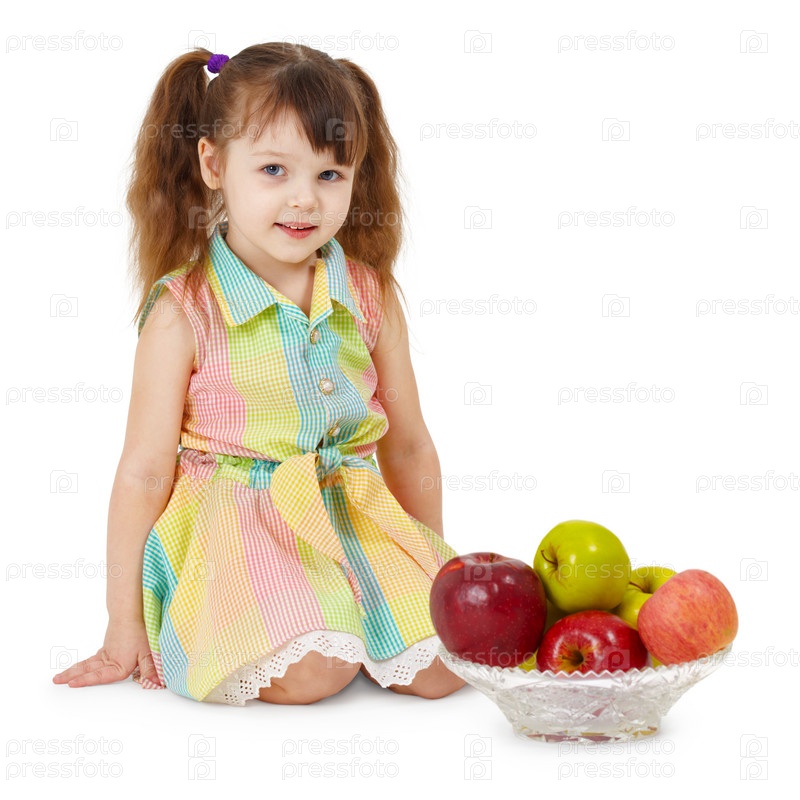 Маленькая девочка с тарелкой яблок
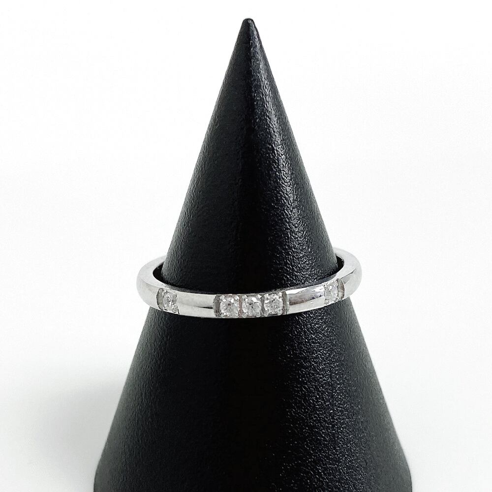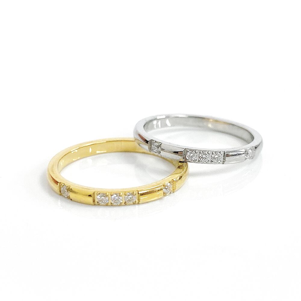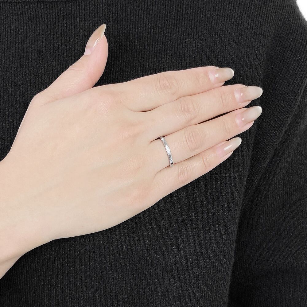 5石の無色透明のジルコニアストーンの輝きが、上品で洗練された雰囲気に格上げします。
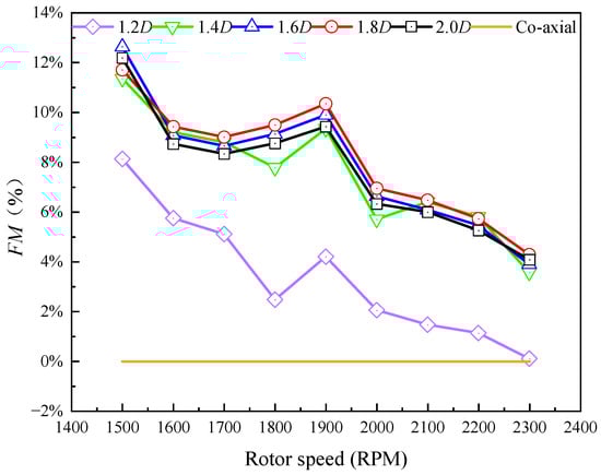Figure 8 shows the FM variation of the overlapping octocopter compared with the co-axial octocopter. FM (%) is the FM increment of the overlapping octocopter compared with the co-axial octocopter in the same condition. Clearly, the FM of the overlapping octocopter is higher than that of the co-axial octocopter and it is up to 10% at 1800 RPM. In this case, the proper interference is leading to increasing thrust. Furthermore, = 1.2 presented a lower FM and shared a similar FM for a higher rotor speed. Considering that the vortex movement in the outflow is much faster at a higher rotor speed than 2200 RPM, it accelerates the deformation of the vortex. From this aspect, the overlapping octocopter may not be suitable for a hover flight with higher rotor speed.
-------
● Exercise directions
Return, exactly as they stand, the lines from the opening line of the listing through the line with "5石の無色透明のジルコニアス", both ends counted, and no pictures.

● Answer space
 Маленькая девочка с тарелкой яблок
 5石の無色透明のジルコニアストーンの輝きが、上品で洗練された雰囲気に格上げします。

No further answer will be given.